Вспомогательные вещества:
бензалкония хлорид 0,1 мг, натрия гидрофосфат 7,0 мг, натрия дигидрофосфат мг, вода для инъекций до 1 мл.
1 мл 0,5 % раствора препарата содержит:
Активное вещество:
Тимолола малеат, эквивалентно тимололу 5 мг;
Вспомогательные вещества:
Бензалкония хлорид 0,1 мг, натрия гидрофосфат 7,0 мг, натрия дигидрофосфат мг, вода для инъекций до 1 мл.
Описание:
прозрачный бесцветный раствор.
Фармакодинамика:
Тимолол является неселективным блокатором бета-адренорецепторов. Не обладает внутренней симпатомиметической и мембраностабилизирующей активностью.
При местном применении в виде глазных капель снижает как нормальное, так и повышенное внутриглазное давление за счет уменьшения образования внутриглазной жидкости. Не оказывает влияния на размер зрачка и аккомодацию.
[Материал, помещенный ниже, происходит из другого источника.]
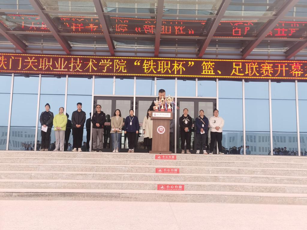 4月7日下午,sunbet申搏官方网站“铁职杯”篮足联赛开幕式在铁门关校区燕赵楼前广场举行,学院学生工作处、各系部负责人以及全体运动员、裁判员参加开幕式。
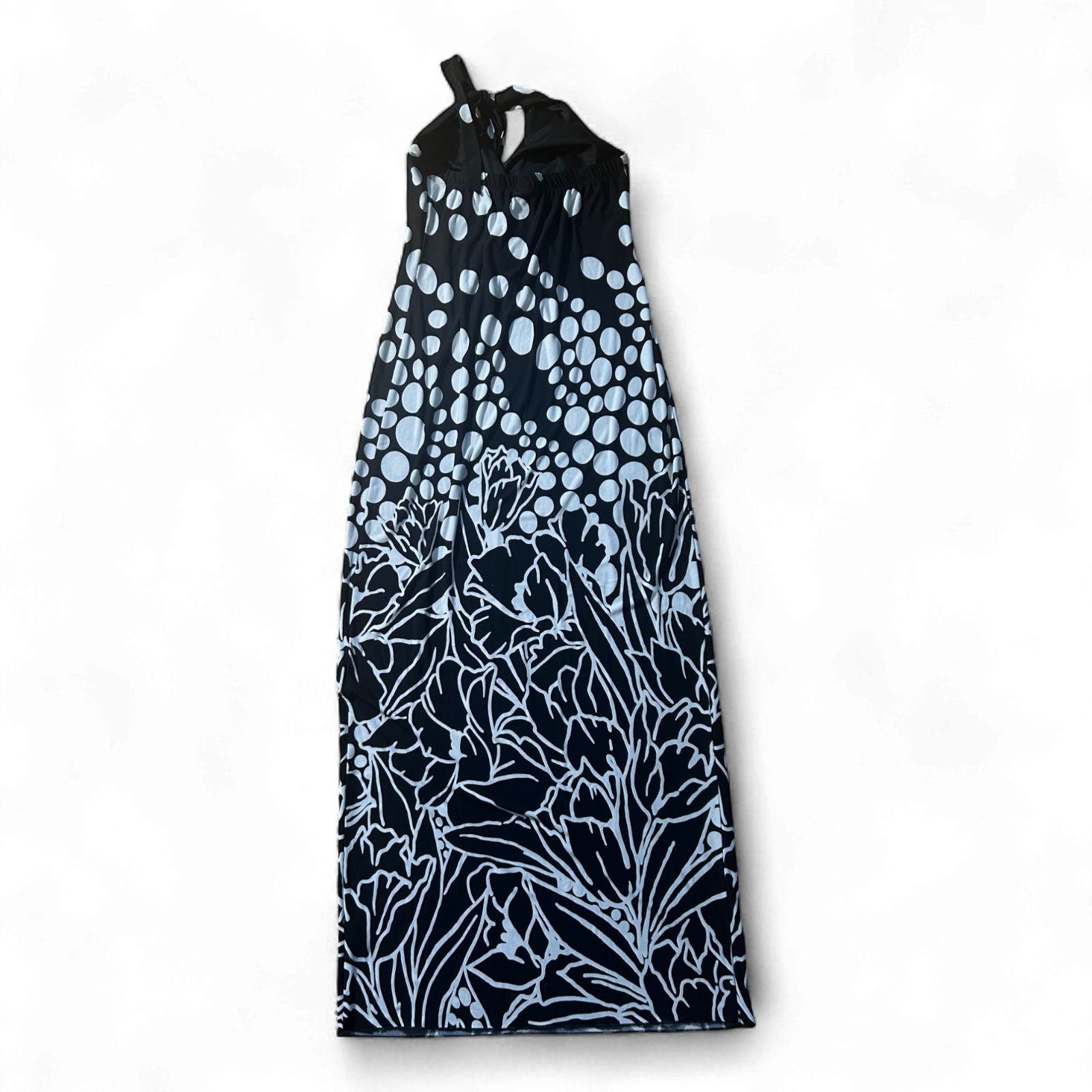 Elegantes, trägerloses Maxikleid von En Focus Studio mit auffälligem Schwarz-Weiß-Design. Der obere Bereich ist mit großen Punkten gemustert, während der untere Teil mit floralem Print verziert ist – ein ausdrucksstarker Look für Sommerabende, Events oder Urlaube. Das Kleid hat vorne eine dekorative Schleife, sitzt durch den Stretch-Anteil bequem und figurumschmeichelnd. Es besteht aus 95 % Polyester und 5 % Spandex, Brustweite ca. 36 cm, Länge ca. 130 cm.
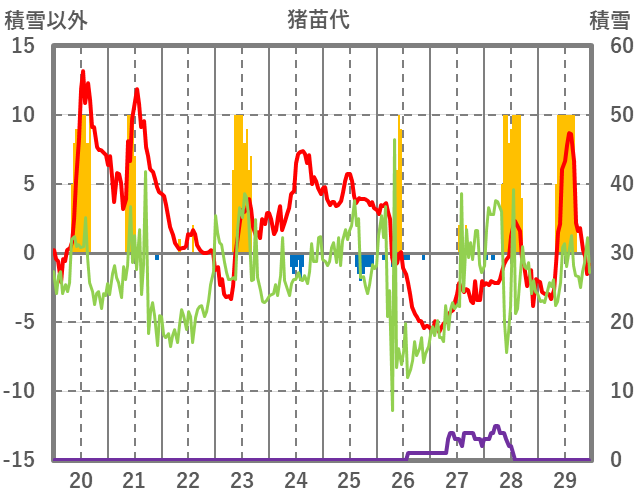 | 日 | 時 | 気温 | 降水 | 風向/風速 | 日照 | 積雪 | 降雪 |
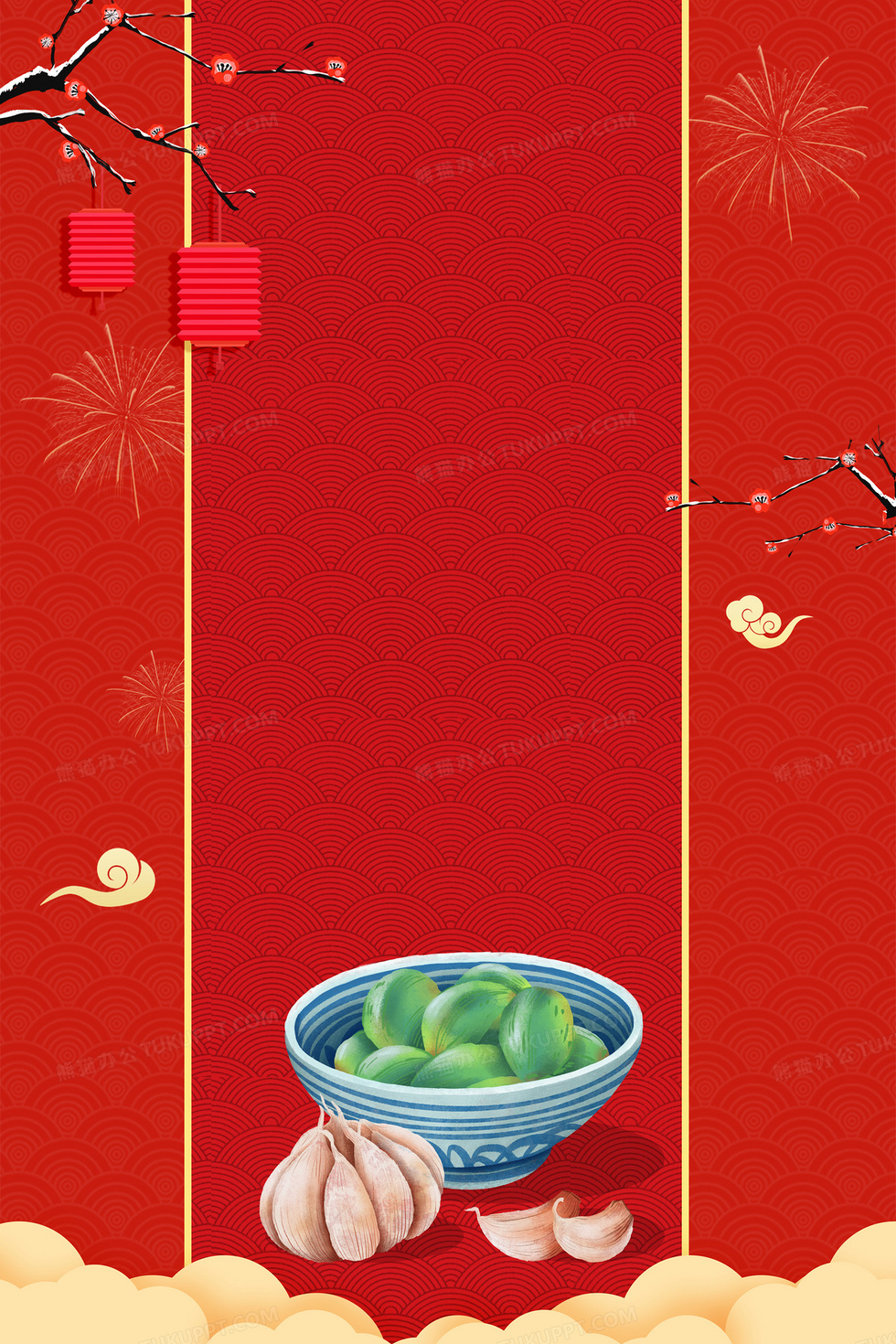 本作品内容为中国风红色喜庆传统节日腊八节腊八蒜背景, 格式为 psd, 大小26 MB, 图片尺寸为3543 x 5315, 作品中背景图片无需修改, 源文件无水印,可以直接使用, 欢迎使用熊猫办公。 如认为平台内容涉嫌侵权,可通过邮件:tousu@tukuppt.com提出书面通知,我们将及时处理。
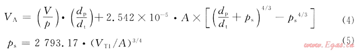 式中V為L(zhǎng)NG儲(chǔ)罐內(nèi)的氣相空間,m3;p為L(zhǎng)NG儲(chǔ)罐內(nèi)的操作壓力(絕壓),Pa;dp/dt為大氣壓力變化速率,Pa/h;ps為L(zhǎng)NG儲(chǔ)罐內(nèi)氣液界面的過(guò)飽和壓力,Pa;VT1為L(zhǎng)NG儲(chǔ)罐滿罐靜態(tài)蒸發(fā)率的一半(即對(duì)應(yīng)于儲(chǔ)罐內(nèi)僅有20%LNG時(shí)的液位),kg/h;A為L(zhǎng)NG儲(chǔ)罐內(nèi)氣液界面面積,m2

Действие препарата проявляется через 20 минут после закапывания в конъюнктивальную полость. Максимальное снижение внутриглазного давления наступает через 1-2 часа и сохраняется в течение 24 часов.
Фармакокинетика:
При местном применении тимолол быстро проникает через роговицу. После инстилляции глазных капель максимальная концентрация тимолола в водянистой влаге передней камеры глаза достигается через 1-2 часа.
В незначительном количестве попадает в системный кровоток путем абсорбции через сосуды конъюнктивы, слизистой носа и слезного тракта. Выведение метаболитов тимолола осуществляется преимущественно почками.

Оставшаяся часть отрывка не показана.